Война разворачивалась в полдень, утром и вечером военные действия прекращались — слишком много в эти часы было взрослых (и в квартирах, и на улицах). Но в жаркие часы битва пылала. Достаточно было кому-нибудь завопить: «На войну! На войну!», как все мы самозабвенно бросались на штурм ненавистных двадцатых ворот. Летели камни, мелькали кулаки, временами жалобно звенели, разбиваясь в дробь, бутылки. Двадцатые скоро очищали поле сражения — булыжную мостовую — и укрывались во дворе. Иногда и вражеские ворота торопливо захлопывались — это была высшая победа, она знаменовала конец боевых действий и переход к миру.
Но что интересно: эти драки не были просто игрой.
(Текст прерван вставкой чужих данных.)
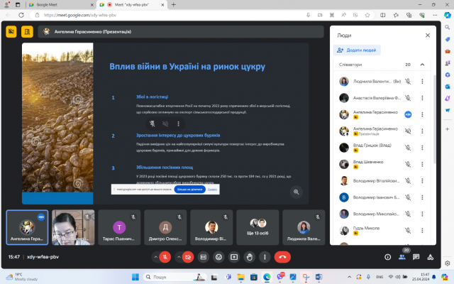 Учасники конференції вели діалог про ціни на криптовалюти та виклики аграрних ринків в умовах війни. Було висловлено багато ідей та думок, і секція завершилася на позитивній ноті. Було підтверджено важливість таких заходів для молодих дослідників та для обміну досвідом.

Они не только оставляли царапины и умножали синяки, но и порождали ненависть. Я ровно десять лет прожил в доме № 11 по Мясоедовской, дружил со многими мальчишками нашей, нечетной, стороны. Но не помню ни одного случая, чтобы в играх моих участвовал хоть кто-нибудь из стороны противоположной. Вражда была игровая — но она не просто существовала, не просто умножалась. Ее лелеяли, ее ревниво охраняли, ее любили.
Да, пока это была игра. Но она порождала потребность всегда иметь противника и, если реального врага нет, придумывать его — себе на доблесть, ему на горе. Девять десятых борьбы, виденной мной в жизни, были сражением с выдуманными врагами (особенно это касается битв, объявленных не простыми, а «принципиальными»). Сама эта формула — «принципиальная» борьба — приобретала мистический оттенок, в ней угадывалась нераскрываемая тайна, она исключала любую возможность допытываться причин раздора, она понуждала к вере, а не к разуму. История свидетельствует: именно там, где верят во вражду, вражда становится самой свирепой. Сошлюсь на религиозные войны, чтобы не будоражить более близкие дела.
Дотошный критицизм, иронические сомнения, душевный скепсис еще никогда не порождали войны. Война создается верой. Я говорю о больших войнах, а не о мелких пограничных, династических и грабительских стычках.
2
Научился читать я на четвертом году жизни.
Удивительного — и даже сколько-нибудь выдающегося — в этом нет. В современной интеллигентной семье, где книги — жизненная потребность, а не развлечение, трехлетние грамотеи давно не редкость. Мой сын Женя в два года читал на улицах такие надписи, как «столовая», «магазин», а в три отстукивал на машинке «папа», «мама», «Женя» и отчетливо разбирал любой крупный шрифт. Правда, я рос не в интеллигентной, а в рабочей семье, бабка моя была неграмотная, а с ней я проводил большую часть дня, но зато книг у нас было много (из киоска и для киоска) — что было делать с книгами, как не пытаться прочитать?
И все-таки удивительность в моем раннем чтении наличествовала. Удивительным было то, что научил меня Витя, мой брат (и мама ему не помогала). Он был старше меня почти на два года. Если трехлетние чтецы и не редки, то пятилетний учитель, конечно, необычен.
Он был, не сомневаюсь, выдающимся человеком, мой брат Витя. Все, что он делал и говорил, после его смерти стало легендой среди родных и знакомых — и оно заслуживало того. Он отличался от всех нас — и внешне, и по характеру.